TASK DETAILS:
In the listing beneath this line, copy exactly the lines starting with the one containing "Der Schwarzwaldverein wurde" and going on through the one containing "This bingo card".

RECORDS SHOWN:
'''

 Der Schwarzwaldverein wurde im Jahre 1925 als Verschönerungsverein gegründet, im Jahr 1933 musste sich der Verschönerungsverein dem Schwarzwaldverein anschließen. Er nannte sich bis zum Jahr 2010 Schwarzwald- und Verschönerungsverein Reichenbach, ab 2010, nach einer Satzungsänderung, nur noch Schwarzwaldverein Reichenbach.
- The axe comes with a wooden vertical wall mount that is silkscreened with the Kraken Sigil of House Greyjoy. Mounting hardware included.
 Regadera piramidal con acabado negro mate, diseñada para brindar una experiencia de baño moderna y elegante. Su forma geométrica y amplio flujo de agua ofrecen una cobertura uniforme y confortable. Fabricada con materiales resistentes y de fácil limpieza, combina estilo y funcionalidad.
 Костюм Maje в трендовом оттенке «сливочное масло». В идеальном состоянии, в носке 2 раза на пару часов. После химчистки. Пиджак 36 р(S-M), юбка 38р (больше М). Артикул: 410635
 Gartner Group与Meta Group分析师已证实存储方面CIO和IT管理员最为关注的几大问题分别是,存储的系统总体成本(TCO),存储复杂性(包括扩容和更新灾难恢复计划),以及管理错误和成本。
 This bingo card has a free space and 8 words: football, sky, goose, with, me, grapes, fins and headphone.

'''
'''

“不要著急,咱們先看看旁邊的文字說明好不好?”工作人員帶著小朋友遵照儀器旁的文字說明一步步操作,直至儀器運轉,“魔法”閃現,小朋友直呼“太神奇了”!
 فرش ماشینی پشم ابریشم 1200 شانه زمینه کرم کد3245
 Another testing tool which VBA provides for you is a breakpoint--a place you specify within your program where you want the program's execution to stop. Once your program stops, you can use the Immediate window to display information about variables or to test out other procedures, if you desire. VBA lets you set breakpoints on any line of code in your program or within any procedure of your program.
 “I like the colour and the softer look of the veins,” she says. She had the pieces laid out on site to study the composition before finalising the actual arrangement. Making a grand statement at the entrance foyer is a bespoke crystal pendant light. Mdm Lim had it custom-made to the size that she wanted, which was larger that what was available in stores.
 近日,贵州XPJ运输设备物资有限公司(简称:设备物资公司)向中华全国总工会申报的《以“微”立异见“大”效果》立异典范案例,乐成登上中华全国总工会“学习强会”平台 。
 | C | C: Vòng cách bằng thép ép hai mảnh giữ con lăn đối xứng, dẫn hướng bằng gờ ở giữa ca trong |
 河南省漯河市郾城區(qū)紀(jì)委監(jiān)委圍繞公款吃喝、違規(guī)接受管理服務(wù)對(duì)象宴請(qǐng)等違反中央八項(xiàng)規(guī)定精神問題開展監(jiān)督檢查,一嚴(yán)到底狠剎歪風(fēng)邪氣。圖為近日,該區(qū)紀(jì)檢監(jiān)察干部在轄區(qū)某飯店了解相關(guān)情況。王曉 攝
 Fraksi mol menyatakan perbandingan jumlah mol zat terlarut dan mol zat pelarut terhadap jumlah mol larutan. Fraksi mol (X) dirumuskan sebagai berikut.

'''
'''

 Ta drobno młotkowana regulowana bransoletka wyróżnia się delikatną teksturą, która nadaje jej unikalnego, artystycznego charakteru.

'''

TASK ANSWER:
 Der Schwarzwaldverein wurde im Jahre 1925 als Verschönerungsverein gegründet, im Jahr 1933 musste sich der Verschönerungsverein dem Schwarzwaldverein anschließen. Er nannte sich bis zum Jahr 2010 Schwarzwald- und Verschönerungsverein Reichenbach, ab 2010, nach einer Satzungsänderung, nur noch Schwarzwaldverein Reichenbach.
- The axe comes with a wooden vertical wall mount that is silkscreened with the Kraken Sigil of House Greyjoy. Mounting hardware included.
 Regadera piramidal con acabado negro mate, diseñada para brindar una experiencia de baño moderna y elegante. Su forma geométrica y amplio flujo de agua ofrecen una cobertura uniforme y confortable. Fabricada con materiales resistentes y de fácil limpieza, combina estilo y funcionalidad.
 Костюм Maje в трендовом оттенке «сливочное масло». В идеальном состоянии, в носке 2 раза на пару часов. После химчистки. Пиджак 36 р(S-M), юбка 38р (больше М). Артикул: 410635
 Gartner Group与Meta Group分析师已证实存储方面CIO和IT管理员最为关注的几大问题分别是,存储的系统总体成本(TCO),存储复杂性(包括扩容和更新灾难恢复计划),以及管理错误和成本。
 This bingo card has a free space and 8 words: football, sky, goose, with, me, grapes, fins and headphone.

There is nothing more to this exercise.